TO DO:
Return an exact copy of the data, starting at its first line and ending at the line that contains "Художественная пляжная сцена", minus any pictures.

DATA EXTRACT:
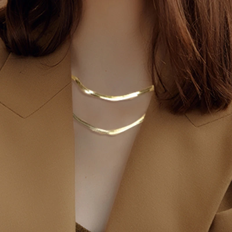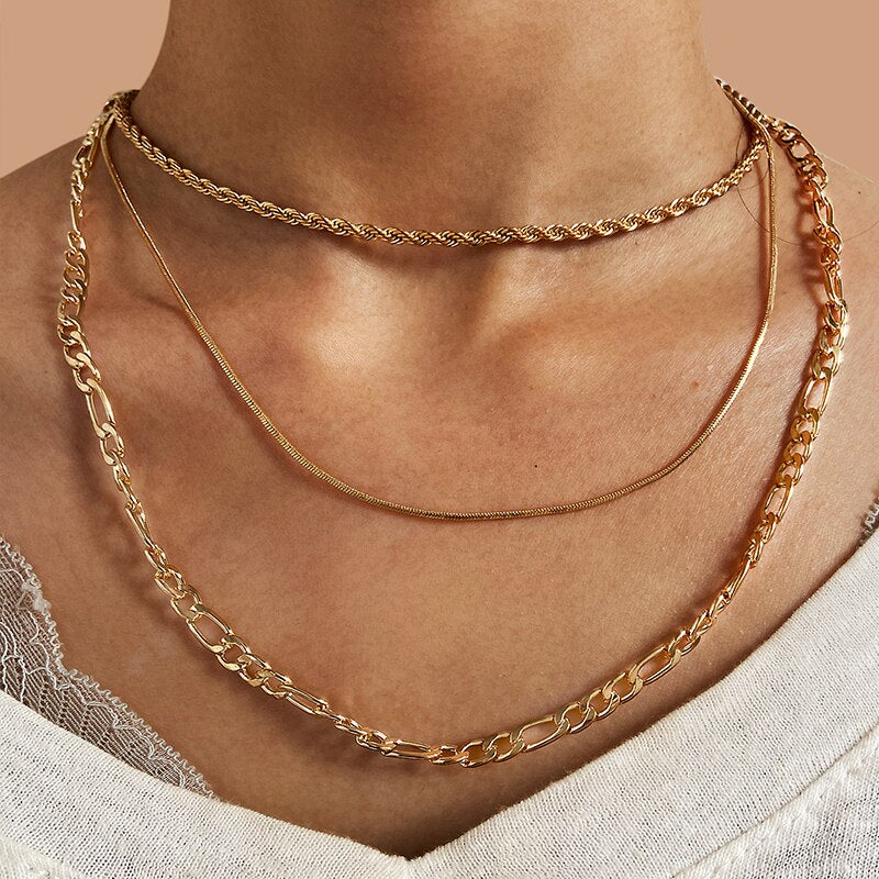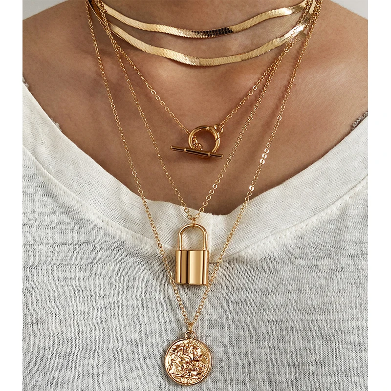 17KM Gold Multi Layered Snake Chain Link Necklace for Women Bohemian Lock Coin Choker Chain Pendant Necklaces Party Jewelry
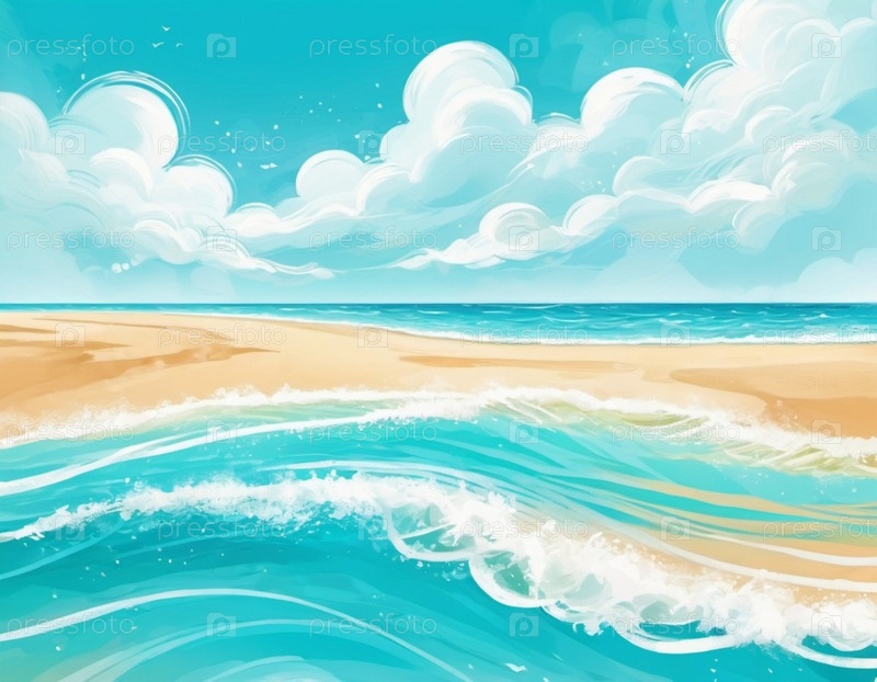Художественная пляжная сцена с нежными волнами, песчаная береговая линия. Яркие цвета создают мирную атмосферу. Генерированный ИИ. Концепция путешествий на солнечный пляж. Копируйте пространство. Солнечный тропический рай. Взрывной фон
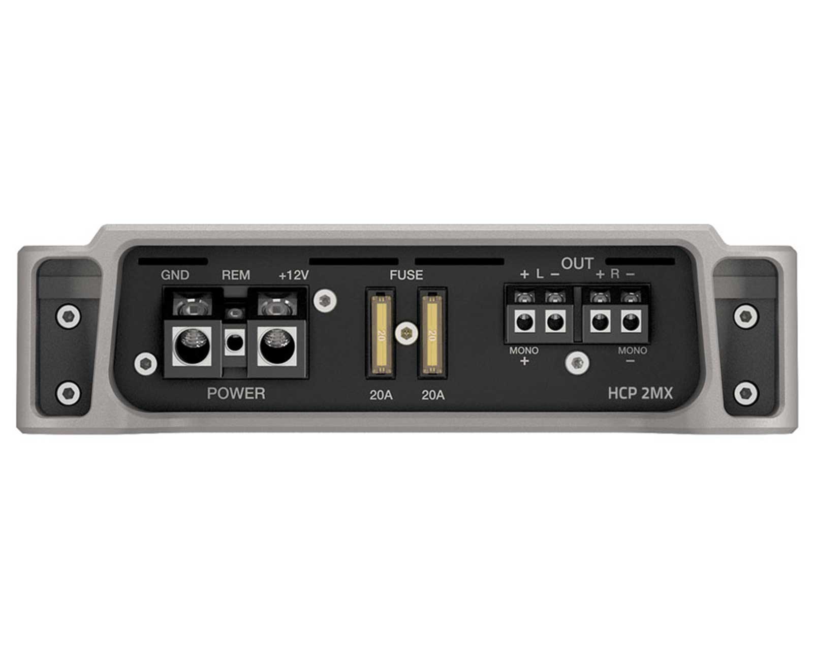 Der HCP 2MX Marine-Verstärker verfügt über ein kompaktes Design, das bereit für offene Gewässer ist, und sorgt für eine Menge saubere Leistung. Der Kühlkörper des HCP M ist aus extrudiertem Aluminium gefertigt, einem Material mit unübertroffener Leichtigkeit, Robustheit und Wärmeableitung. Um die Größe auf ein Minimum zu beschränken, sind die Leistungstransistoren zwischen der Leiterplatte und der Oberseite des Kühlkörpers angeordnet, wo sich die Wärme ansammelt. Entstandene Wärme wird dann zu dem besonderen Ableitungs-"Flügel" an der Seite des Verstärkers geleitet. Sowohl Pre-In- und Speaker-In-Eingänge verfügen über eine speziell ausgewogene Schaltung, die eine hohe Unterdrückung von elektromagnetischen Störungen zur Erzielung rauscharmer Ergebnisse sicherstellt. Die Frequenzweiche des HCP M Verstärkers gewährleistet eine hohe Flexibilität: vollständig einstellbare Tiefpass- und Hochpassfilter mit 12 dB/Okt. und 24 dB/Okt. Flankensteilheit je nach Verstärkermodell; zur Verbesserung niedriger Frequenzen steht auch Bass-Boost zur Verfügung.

OUTPUT:
 17KM Gold Multi Layered Snake Chain Link Necklace for Women Bohemian Lock Coin Choker Chain Pendant Necklaces Party Jewelry
Художественная пляжная сцена с нежными волнами, песчаная береговая линия. Яркие цвета создают мирную атмосферу. Генерированный ИИ. Концепция путешествий на солнечный пляж. Копируйте пространство. Солнечный тропический рай. Взрывной фон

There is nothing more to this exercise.